A box-and-whisker plot showing lap time distributions for the GT class in Sepang race 1. Notches in the boxes indicate the uncertainty in the median. Agostini's still blisteringly quick though his edge isn't quick statistically significant over the second-quickest driver.

There’s some interesting things here – Marco Sorensen, whose fastest laps weren’t that great, turns out to have been very consistent. This suggests to me that probably he was at the limit of his Aston Martin. Not necessarily due to the BoP, but more likely because of a conservative setup to prevent Anderson Tanoto spinning it repeatedly. There’s also the question of why Dustin Blattner is out-and-out faster than his Gold and Silver team-mates (Ben Tuck and Dennis Marschall). Partly, it’s that Blattner is a very good Bronze. Also, as a driver most used to racing in GT sprint events, the stop/start nature of the early laps probably suited him. It might also have been conditions: the track temperature dropped during the race. If Kessel had the car dialled in for the hotter conditions it may have become relatively harder to drive as time went on. Still, we should be impressed. (Frankly, if you were watching the race you’d have been impressed with Blattner anyway as he charged through the field following a turn one incident that wasn’t his fault). I should also mention Sarah Bovy, since she’s our nominal focus. Here we see she’s towards the back of the Silvers, with a wide range of lap times. Combining this with our previous graph of her best 10 laps suggests she has decent potential pace but is struggling to maintain that amidst general racing chaos. Not all that unusual a state for a baby Silver. She would have gotten used to front-running after generally qualifying on pole as a Bronze…

How about race 2, which had a much wider variation in conditions?

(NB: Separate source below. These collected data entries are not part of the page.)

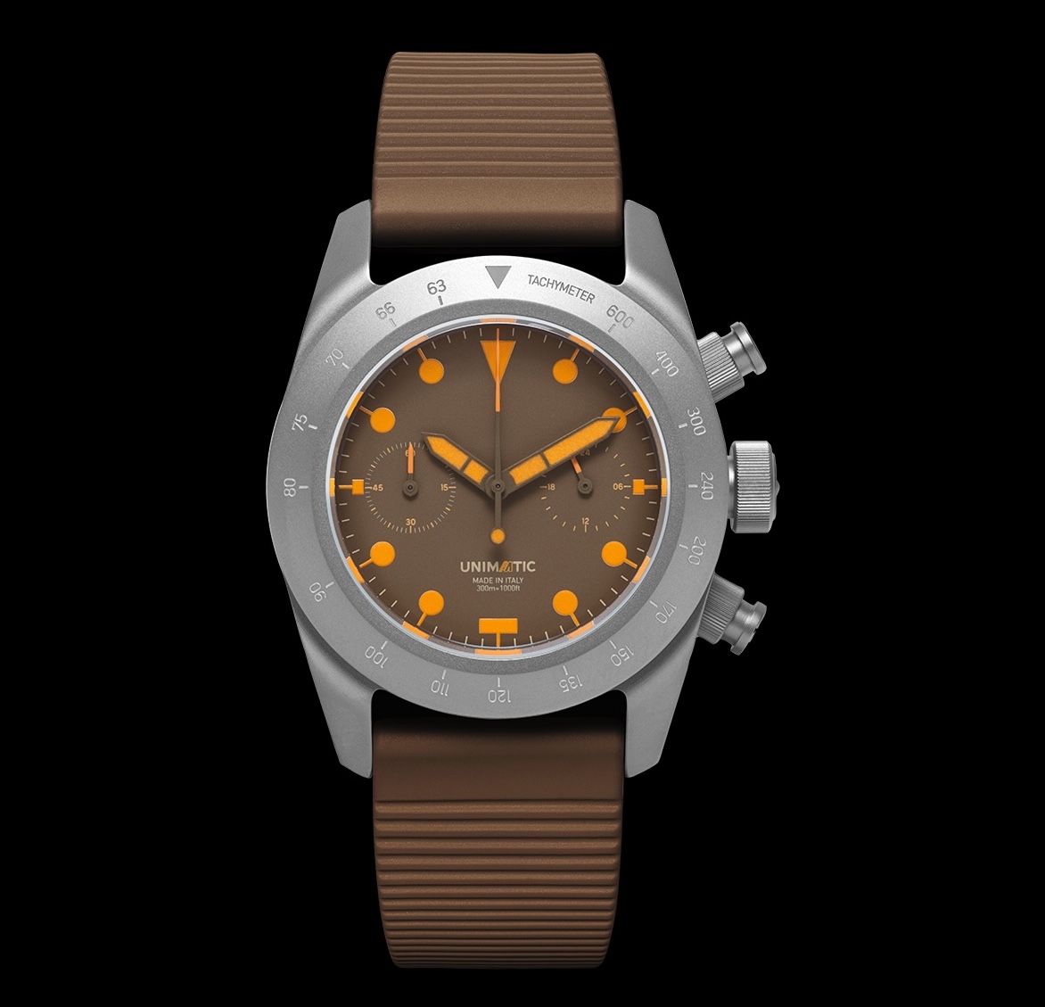 UN COMMENTAIRE ? Peu importe que cette montre soit dédiée à l’atelier automobile italien Automobili Amos, qui voulait une édition limitée pour sa participation au rallye d’endurance East African Classic Safari : ce qui est important, c’est qu’elle soit plus Unimatic et italienne que jamais dans son identité ! Et ce chronographe l’est dans son boîtier en acier satiné/sablé de 40 mm x 12,9 mm d’épaisseur sans le dôme, étanche à 300 m, avec sa lunette tachymétrique fixe, son cadran Safari Dust deux compteurs aux accents orangés [un intéressant « style safari »] sous un épais verre en dôme et son mouvement mécaquartz VK64 – la référence du genre, avec une précision de l’ordre de vingt secondes par mois pendant au moins trois ans ! Au poignet, l’allure de cette Modello Tre Fixed Bezel Rally (U3FB-AAS) est à la fois très classique, mais on devine très vite qu’il y a quelque chose de plus dans cette montre : question de couleur, question de sobriété, question de grande classe horlogère. La preuve de cette originalité : l’aiguille « sucette Lolipop » des secondes est inversée – pointe en avant ! Avec ce parti-pris orangé, qui est exactement la couleur du soleil qui se couche sur la savane, une montre qu’on a tout de suite très envie de tester dans la poussière des pistes africaines : Heia Safari !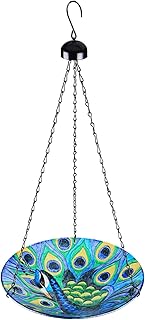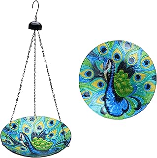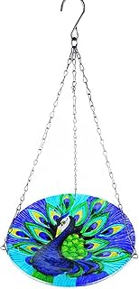MUMTOP Vogeltränke zum Aufhängen, 27,9 cm, Glas, Vogeltränke für den Außenbereich, für Gartendekoration (Pfau)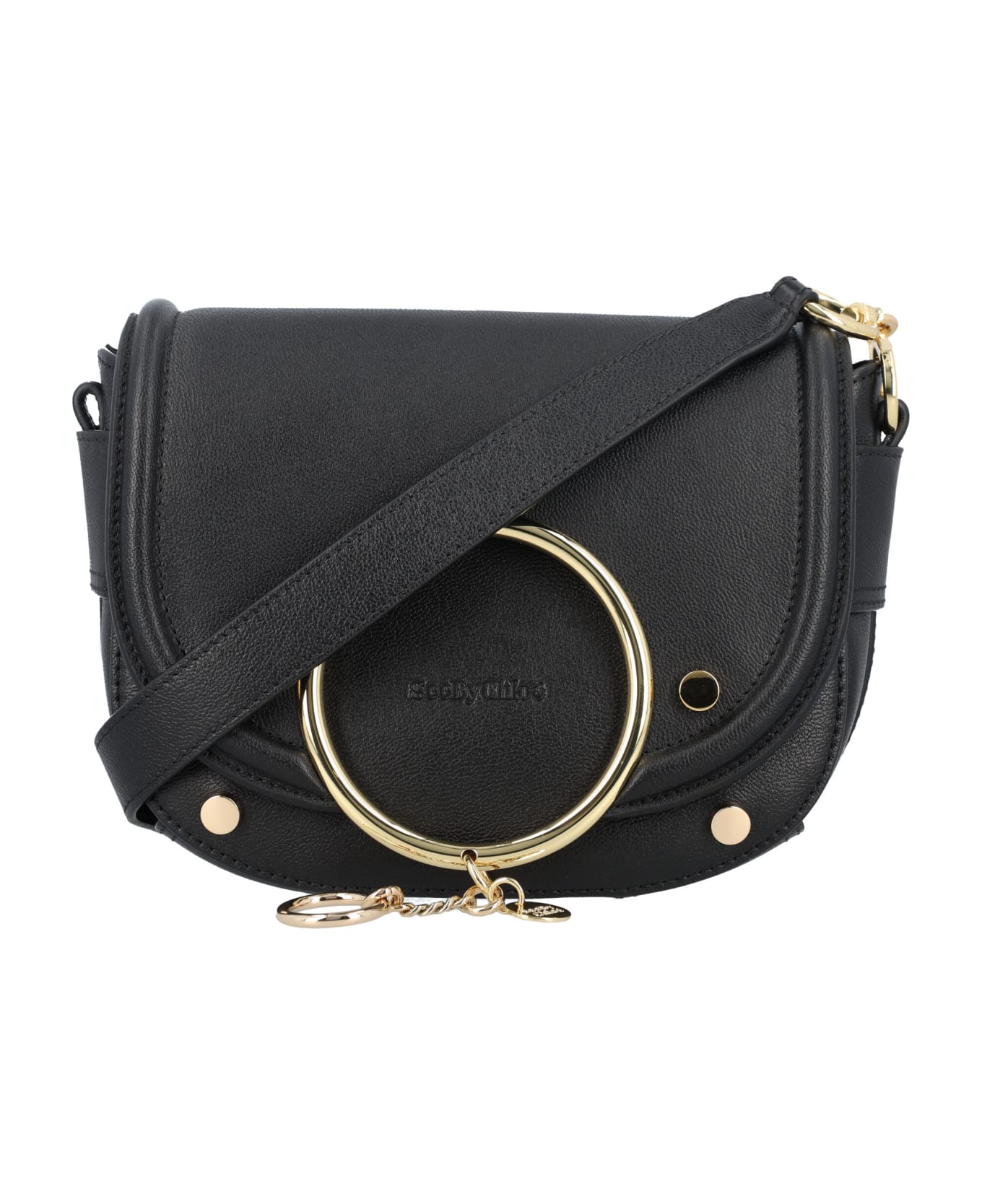Small Grain Cowhide Mara Cross-body Bag By See By Chloé. Featuring: Flap Magnetic Closure Oversized Ring With The Signature See By Chloé Medal At Front Adjustable And Removable Shoulder Strap Roomy Main Compartment Flat Card Slot Inside Cotton Canvas Lining Gold-tone Metal Finish Height: 18 Cm Width: 22 Cm Depth: 9 Cm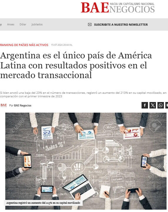 Argentina es el único país de América Latina con resultados positivos en el mercado transaccional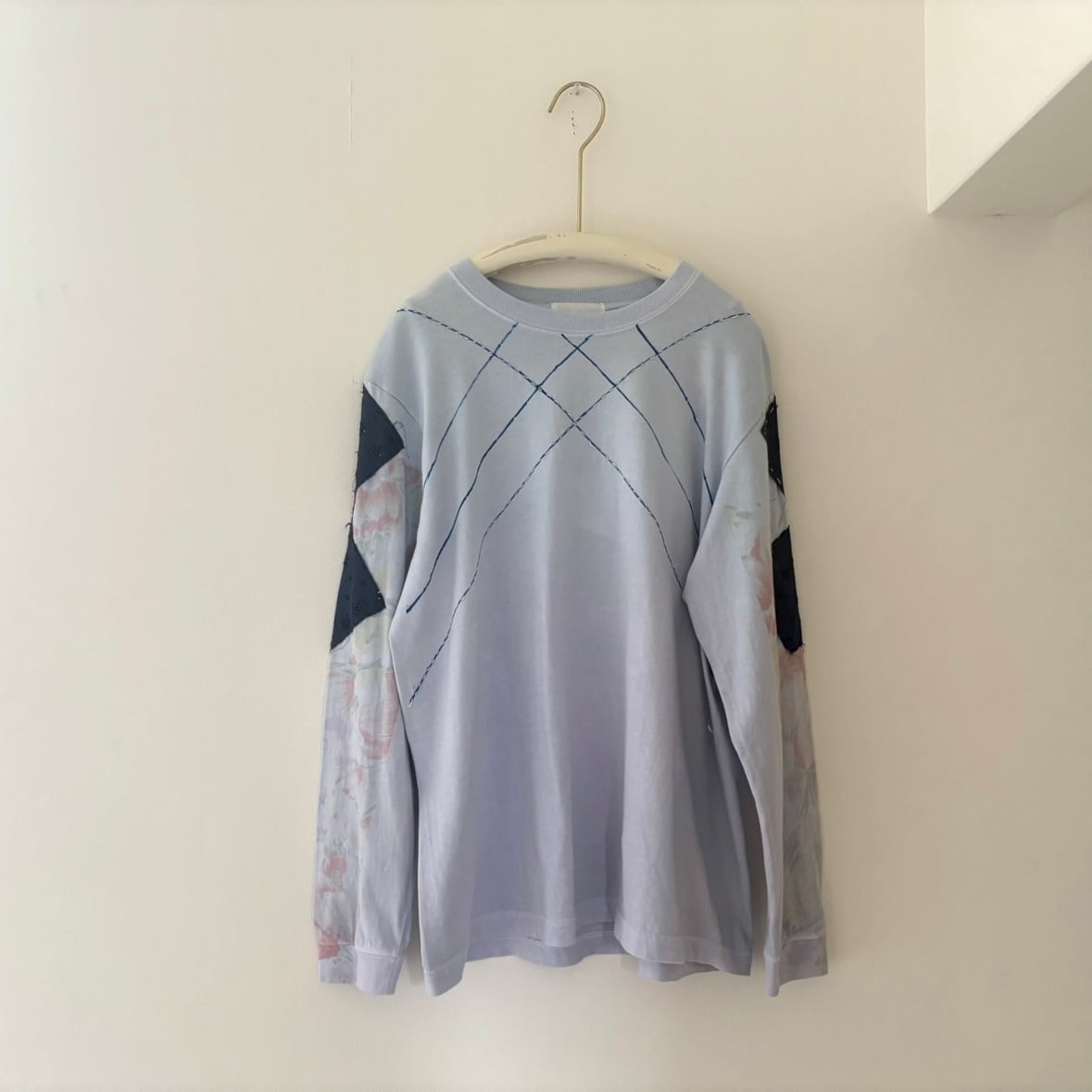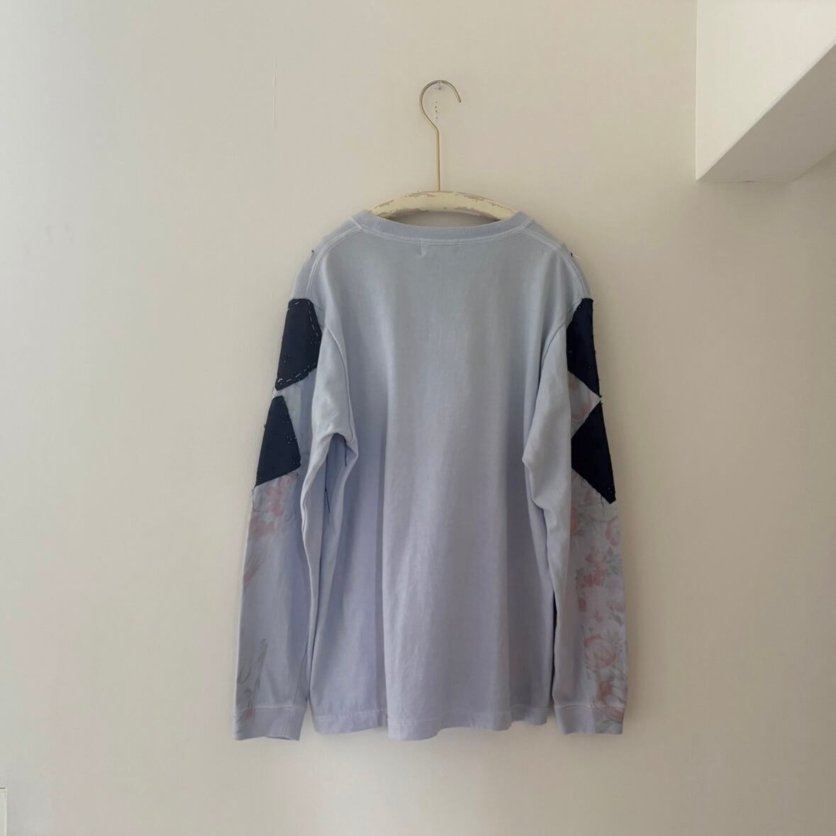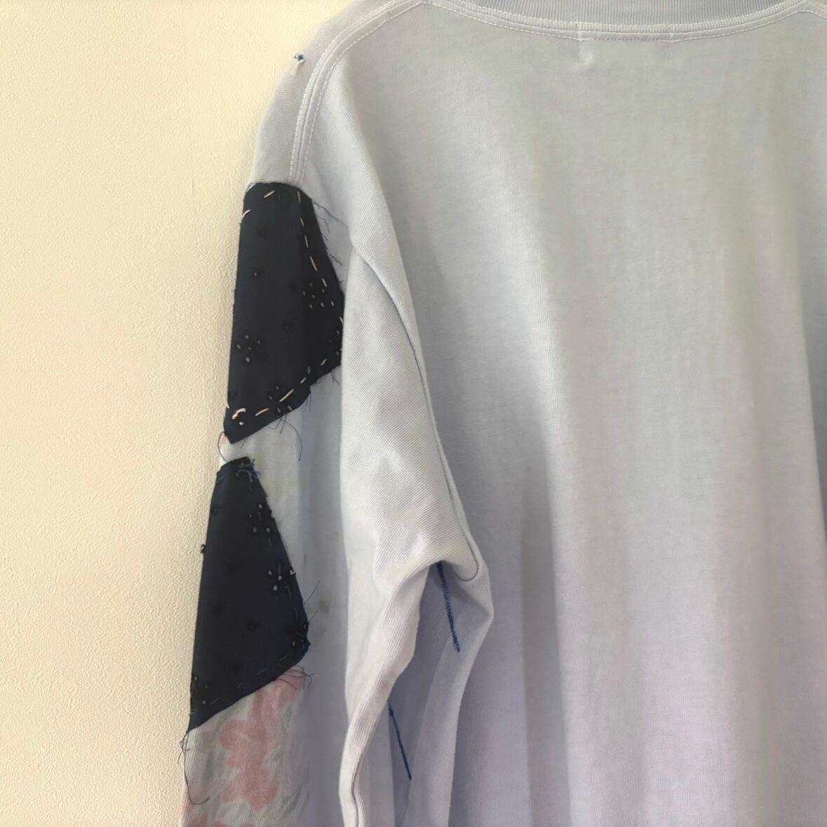プリント、染め、パッチワークが施されたロンT
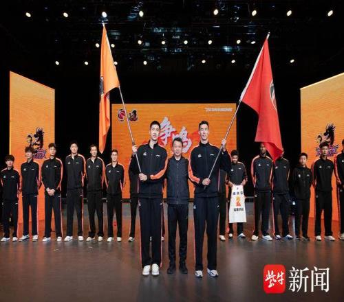 现场授旗环节中,江苏省体育局篮球运动管理中心主任胡卫权将象征队伍使命与荣誉的旗帜郑重授予队长吴羽佳和蒋浩然。在主持人的带领下,全体队员和现场观众一起大声喊出“江苏江苏、战⽃战⽃!”洪亮的口号声响彻全场,展现了全队上下齐心、剑指新赛季的决心。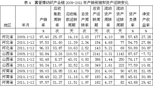 4 冀晉豫紡織產(chǎn)業(yè)鏈產(chǎn)銷銜接和資產(chǎn)運轉情況
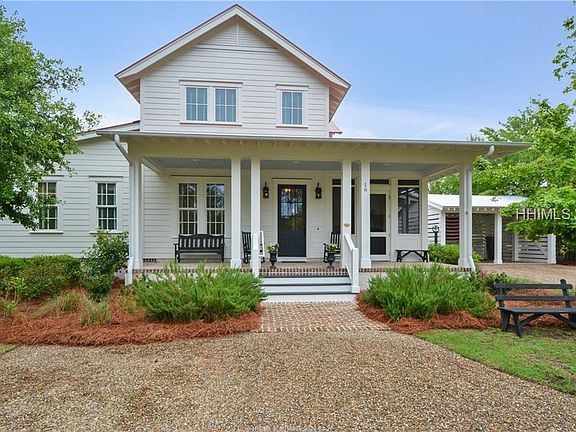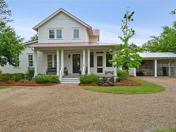 Enjoy relaxing views of the Longfield Farms equestrian center and pastures at 16 Parader Circle. Designed by Pearce Scott Architects and built by CS Thomas, this modern farmstead-inspired property consists of a 3 bed/3.5 bath main house with front and back screened porches, a 3-car garage/carriage house barn plus carport. The open concept floor plan features a first floor master plus office. Reclaimed pine floors and other authentic materials add to a timeless, unique feel. Conveniently located in the Wilson Hayfields, this unique Lowcountry retreat pairs a private setting with easy access to all Palmetto Bluff amenities.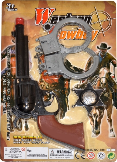 Auf ins WESTERN-Abenteuer! Dieses komplette Sheriff-Set für kleine Helden bietet alles, was man braucht, um die Stadt vor Schurken zu schützen: eine realistisch wirkende Pistole, sichere Handschellen und ein auffälliges Sheriff-Abzeichen. Perfekt für Spaß zu Hause, Karneval und Kostümspiele.

A box-and-whisker plot showing lap time distributions for the GT class in Sepang race 2. Notches in the boxes indicate the uncertainty in the median. The effect of the rain makes the distribution of some drivers' lap times very wide, including the fastest driver, Riccardo Pera.

Well, the first thing we learn is that a lot of the Pro drivers barely got a chance to set a representative lap. The race was red-flagged as undrivable fairly soon after they got in. You can also see which drivers were in the car when it started to rain and who got out beforehand. (If it’s not obvious the ones who drove in both wet and dry are the ones with the bigger variation in times). Sarah Bovy actually comes out quite well in this version of the graph. She’s probably got above average experience in wet conditions and the Proton cars seemed overall happier. (Note Matteo Cressoni being one of the out-and-out fastest). It probably also helps that the Ferrari and McLaren cars got bigger BoP nerfs than the Porsche did after race 1.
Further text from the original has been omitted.